### SOURCE DATA
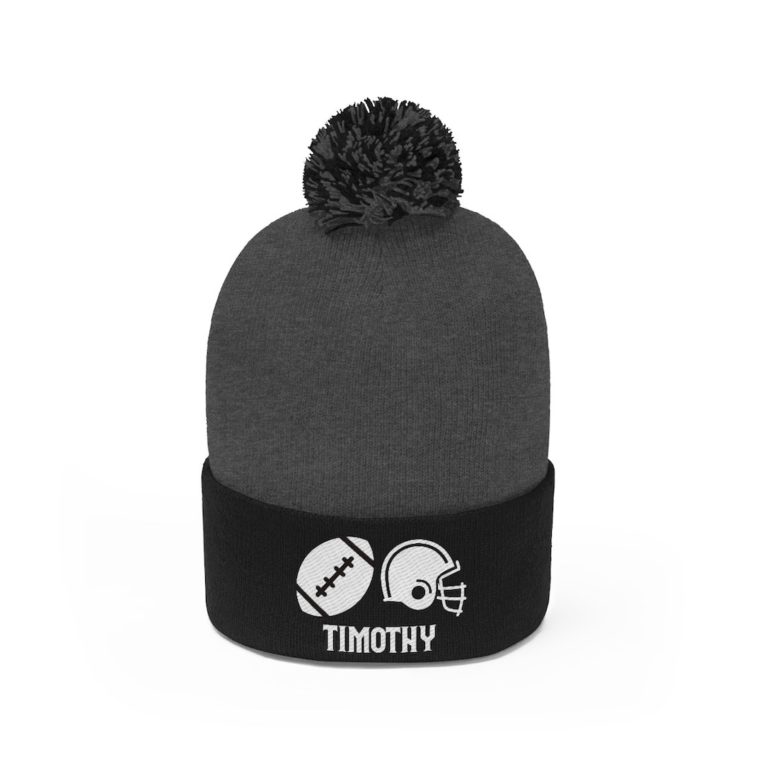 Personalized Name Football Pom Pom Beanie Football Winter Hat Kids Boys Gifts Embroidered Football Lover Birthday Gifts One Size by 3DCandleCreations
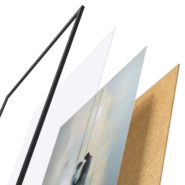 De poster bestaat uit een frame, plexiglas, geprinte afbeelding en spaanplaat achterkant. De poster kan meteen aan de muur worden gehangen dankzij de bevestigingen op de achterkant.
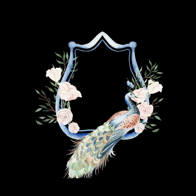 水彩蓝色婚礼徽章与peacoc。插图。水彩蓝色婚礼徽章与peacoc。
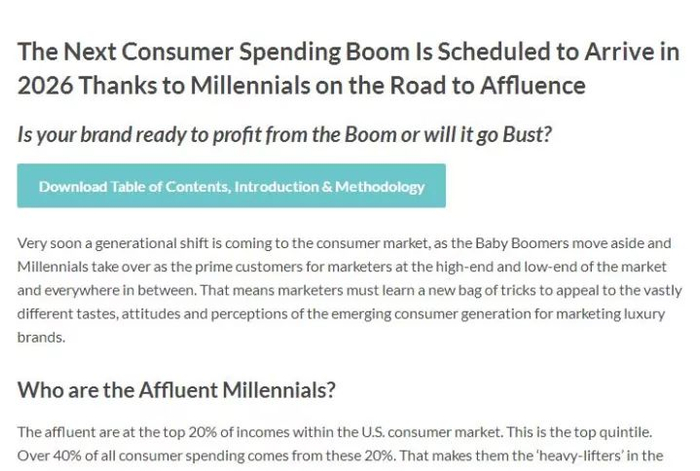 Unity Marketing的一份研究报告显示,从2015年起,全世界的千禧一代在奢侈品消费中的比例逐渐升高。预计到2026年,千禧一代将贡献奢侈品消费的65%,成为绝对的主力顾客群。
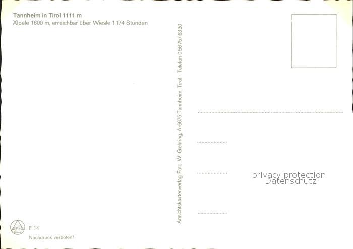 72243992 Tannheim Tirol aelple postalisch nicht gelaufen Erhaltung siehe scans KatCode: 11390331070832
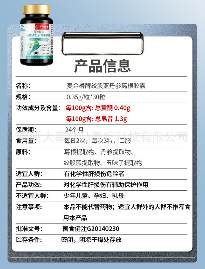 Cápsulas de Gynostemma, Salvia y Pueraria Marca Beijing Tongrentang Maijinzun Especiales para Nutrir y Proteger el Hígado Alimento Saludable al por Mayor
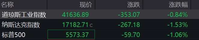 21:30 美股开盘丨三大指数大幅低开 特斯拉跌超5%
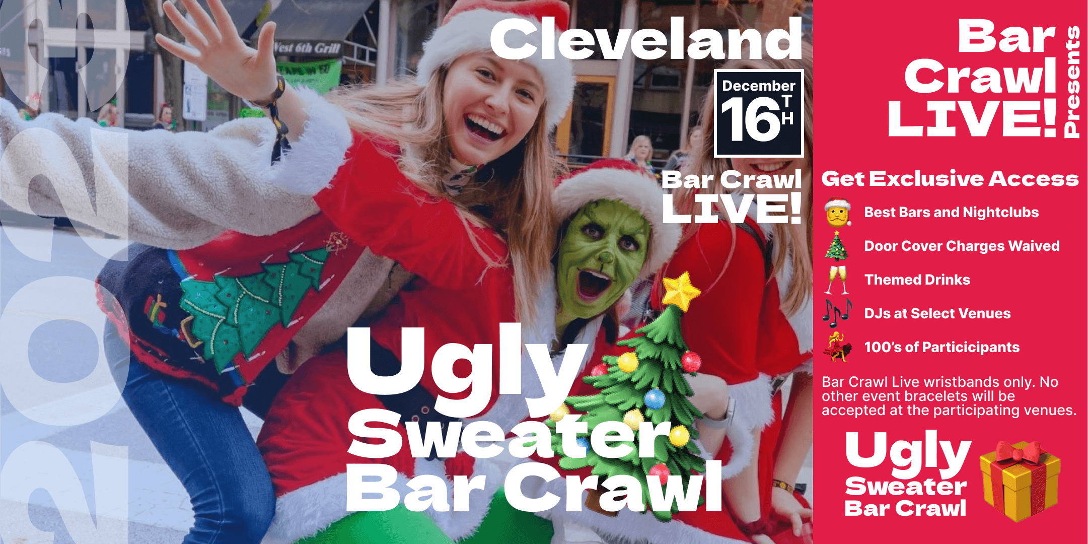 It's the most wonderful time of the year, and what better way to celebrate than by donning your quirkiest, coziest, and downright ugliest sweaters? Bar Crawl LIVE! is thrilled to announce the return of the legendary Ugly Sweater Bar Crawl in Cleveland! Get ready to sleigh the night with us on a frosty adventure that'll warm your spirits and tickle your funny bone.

* * *

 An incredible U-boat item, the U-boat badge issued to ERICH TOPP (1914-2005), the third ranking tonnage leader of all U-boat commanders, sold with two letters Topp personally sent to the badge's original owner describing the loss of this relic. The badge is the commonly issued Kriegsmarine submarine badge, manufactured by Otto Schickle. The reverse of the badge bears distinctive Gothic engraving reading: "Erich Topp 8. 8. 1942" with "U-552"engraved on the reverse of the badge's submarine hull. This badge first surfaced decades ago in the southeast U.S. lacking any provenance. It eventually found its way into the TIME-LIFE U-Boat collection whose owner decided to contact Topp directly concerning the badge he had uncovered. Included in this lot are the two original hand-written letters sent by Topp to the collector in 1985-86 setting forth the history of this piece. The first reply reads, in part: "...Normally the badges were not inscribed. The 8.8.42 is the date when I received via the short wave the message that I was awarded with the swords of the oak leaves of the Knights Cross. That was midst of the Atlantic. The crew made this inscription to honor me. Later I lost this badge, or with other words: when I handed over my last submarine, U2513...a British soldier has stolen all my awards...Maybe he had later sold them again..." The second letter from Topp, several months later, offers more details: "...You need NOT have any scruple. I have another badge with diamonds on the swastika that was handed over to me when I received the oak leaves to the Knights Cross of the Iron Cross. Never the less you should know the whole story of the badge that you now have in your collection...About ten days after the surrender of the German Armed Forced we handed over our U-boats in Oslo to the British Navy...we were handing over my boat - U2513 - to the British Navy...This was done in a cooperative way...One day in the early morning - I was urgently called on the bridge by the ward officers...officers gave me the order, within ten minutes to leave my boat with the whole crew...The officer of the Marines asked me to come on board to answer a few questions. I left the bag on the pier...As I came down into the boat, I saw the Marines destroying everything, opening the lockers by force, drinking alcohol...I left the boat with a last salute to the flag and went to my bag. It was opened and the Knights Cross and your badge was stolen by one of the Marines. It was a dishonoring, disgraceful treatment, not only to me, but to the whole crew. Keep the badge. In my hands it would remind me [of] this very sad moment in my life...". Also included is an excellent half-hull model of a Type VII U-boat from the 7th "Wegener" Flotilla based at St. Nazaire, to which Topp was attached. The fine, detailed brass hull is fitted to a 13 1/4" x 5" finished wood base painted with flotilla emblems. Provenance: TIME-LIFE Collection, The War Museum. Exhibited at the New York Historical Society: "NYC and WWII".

### TASK ITEM
From the listing above, please give again the lines that begin with the line holding "Personalized Name Football" and go on through the line holding "21:30 美股开盘丨三大指数大幅低开 特斯拉跌超5%", exactly, both ends included, minus any picture.

### RESULT FOR THIS EXERCISE
 Personalized Name Football Pom Pom Beanie Football Winter Hat Kids Boys Gifts Embroidered Football Lover Birthday Gifts One Size by 3DCandleCreations
 De poster bestaat uit een frame, plexiglas, geprinte afbeelding en spaanplaat achterkant. De poster kan meteen aan de muur worden gehangen dankzij de bevestigingen op de achterkant.
 水彩蓝色婚礼徽章与peacoc。插图。水彩蓝色婚礼徽章与peacoc。
 Unity Marketing的一份研究报告显示,从2015年起,全世界的千禧一代在奢侈品消费中的比例逐渐升高。预计到2026年,千禧一代将贡献奢侈品消费的65%,成为绝对的主力顾客群。
 72243992 Tannheim Tirol aelple postalisch nicht gelaufen Erhaltung siehe scans KatCode: 11390331070832
 Cápsulas de Gynostemma, Salvia y Pueraria Marca Beijing Tongrentang Maijinzun Especiales para Nutrir y Proteger el Hígado Alimento Saludable al por Mayor
 21:30 美股开盘丨三大指数大幅低开 特斯拉跌超5%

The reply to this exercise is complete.